An outcome that i am certain my friends must welcome, as they tire of asking "where are you living now?".
Uncertainties are welcome
With all the above in mind, i now find myself welcoming the year to come with some excitement.
While i certainly don't know where i'll find myself living in the near future, i am certain wherever it is, that i'll settle down with more confidence, with the knowledge that whatever decisions i'll take it will be ones that are rooted in experience and rationale.
I decided some years back that setting goals for myself as part of some new year resolution was a fools errand. I rarely accomplished things that i had set out months ago that didn't take into account the constant changes that were happening in my life.
So as a change this year i've set out a theme for the year; one in which i'll be prioritising any plans or goals that fall under that theme, and focus less on things that don't fall under that. The theme for me in the year of 2024 is simply health. I'll be pursuing an overall plan of improving my physical and mental health, whether that is finding an improved work-life balance or improving my physical health.
While the ideas i have in mind are only starting to formulate now, there is a lot of both minor and major changes coming in my life, but i know where they should all lead to; a healthier and improved version of myself.

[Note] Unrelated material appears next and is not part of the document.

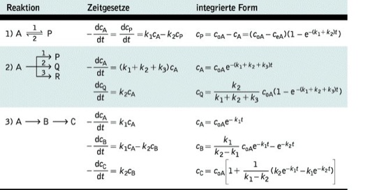 Dabei ist νij der stöchiometrische Faktor für den Stoff i in der j. Reaktion, τj die Geschwindigkeit der j. Reaktion. νij ist positiv, wenn der Stoff gebildet, negativ, wenn er verbraucht wird. Für k. R. resultieren komplizierte, meist nichtlineare Differentialgleichungssysteme, die nur in den einfachsten Fällen (z. B. wenn alle Teilschritte 1. Ordnung sind) geschlossen lösbar sind. Einige besonders einfache Fälle sind in der Tab. zusammengestellt. Ist eine geschlossene Lösung nicht möglich, müssen die Gleichungssysteme schrittweise numerisch integriert werden (kinetische Modellierung).

There's a lot of uncertainties in how i'll accomplish that, but if i've learned anything this year is that i certainly thrive in uncertain times.
One phrase i've always enjoyed is "May you live in interesting times", as that's often attributed (albeit erroneously so) to being a curse of Chinese origins, as wishing that upon someone means living through times of uncertainties, strife and challenges. The gods know that we certainly live in interesting times, but come what may, it at least will provide opportunity for growth.